Source of the material is: http://ritchieslatin.blogspot.com/2011_03_20_archive.html
- Think "brazen", and the idea of Medusa's hands as deadly weapon.
This is a fairly common metaphor in heroic literature, and I've come across it in English language heroic literature and English translations of heroic literature, typically used for the double meaning. Brazen here is defined as "hardened effrontery", in the sense of transgression, thus something that can pierce or penetrate established boundaries, such as the skin of an adversary.
Weapons and armor were made of bronze, thus the "bronze age", such that it connotes something hard and potentially deadly.

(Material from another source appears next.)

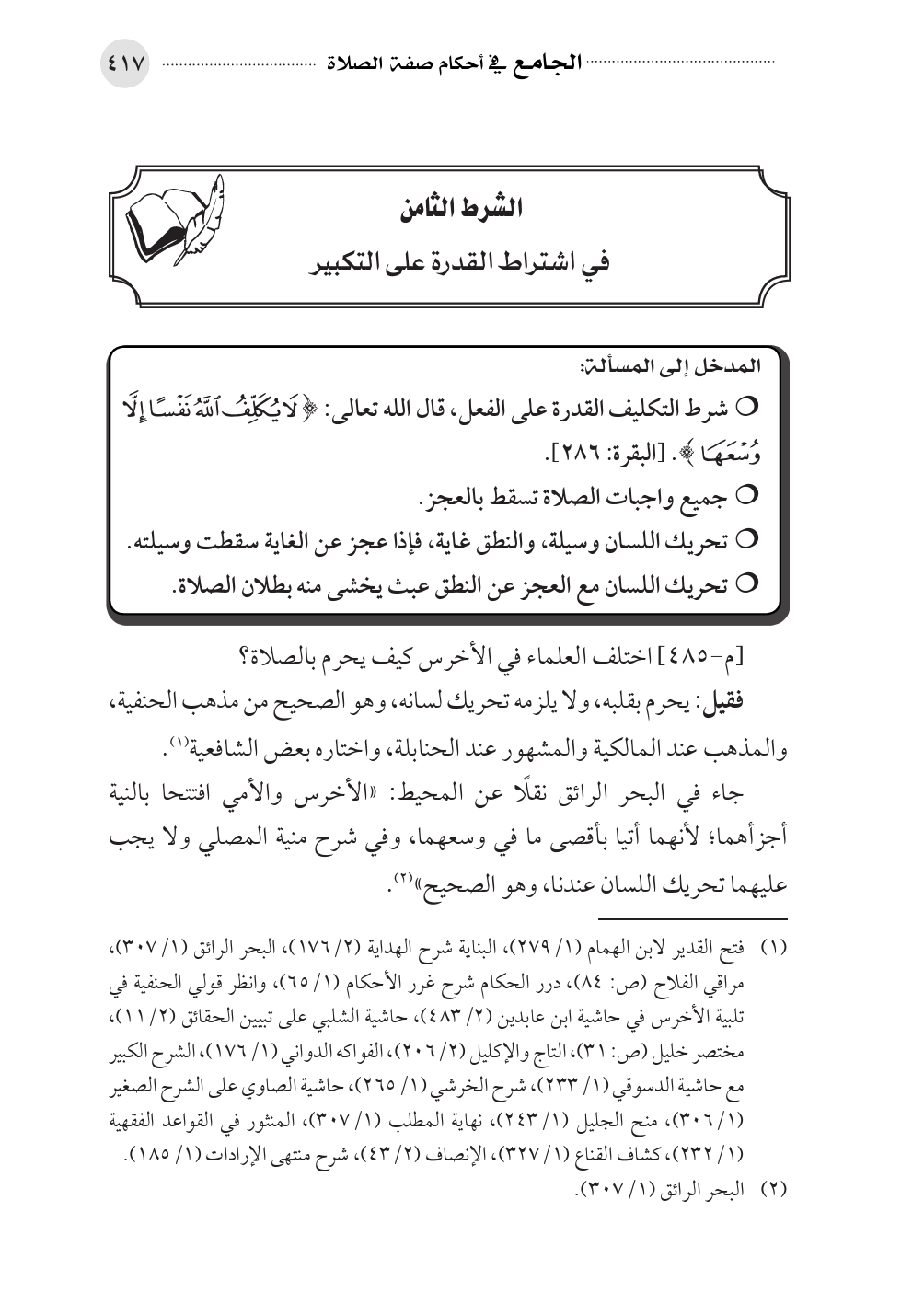 (¬١). فتح القدير لابن الهمام (١/ ٢٧٩)، البناية شرح الهداية (٢/ ١٧٦)، البحر الرائق (١/ ٣٠٧)، مراقي الفلاح (ص: ٨٤)، درر الحكام شرح غرر الأحكام (١/ ٦٥)، وانظر قولي الحنفية في تلبية الأخرس في حاشية ابن عابدين (٢/ ٤٨٣)، حاشية الشلبي على تبيين الحقائق (٢/ ١١)، مختصر خليل (ص: ٣١)، التاج والإكليل (٢/ ٢٠٦)، الفواكه الدواني (١/ ١٧٦)، الشرح الكبير مع حاشية الدسوقي (١/ ٢٣٣)، شرح الخرشي (١/ ٢٦٥)، حاشية الصاوي على الشرح الصغير (١/ ٣٠٦)، منح الجليل (١/ ٢٤٣)، نهاية المطلب (١/ ٣٠٧)، المنثور في القواعد الفقهية (١/ ٢٣٢)، كشاف القناع (١/ ٣٢٧)، الإنصاف (٢/ ٤٣)، شرح منتهى الإرادات (١/ ١٨٥).

Milton uses this in Paradise Lost: "The Serpent suttl'st Beast of all the field, / Of huge extent somtimes, with brazen Eyes / And hairie Main terrific." (7.495‐97)
Here it might be blazing (usage of words related to bronze in many languages meant to convey brightness.) The association of bronze with weapons draws a distinction with the other bright metals, gold and silver.
Another usage is Leviticus 26:19: "And I will break the pride of your power, and your heaven that is over your head shall be bronze, and the earth that is under you shall be iron."
Here the usage is clearly meant to convey unyielding. So too can Medusa's hands be assumed to be.
A direct reference to use of bronze in reference to body parts (here eyes) may be from Homer: οὐρανὸς χάλκεος, πολύχαλκος, ὄπα χάλκεον. [OED, unsourced]
Although the source material is unreferenced, Graves translates as "brazen claws" [The Greek Myths, 33.b], thus one may interpret that it is not the hands, specifically, but sharp fingernails or literal claws, per Medusa's metamorphosis.
A note on aes: It connotes any "base" mental (i.e. not silver or gold), and can mean iron. The Lewis lexical entry further elucidates: "ex aere statua — As symbol of indomitable courage."
Usage in literature supports the idea of "brazen" per bronze, and Apollodorus specifically uses the term χάλκεος.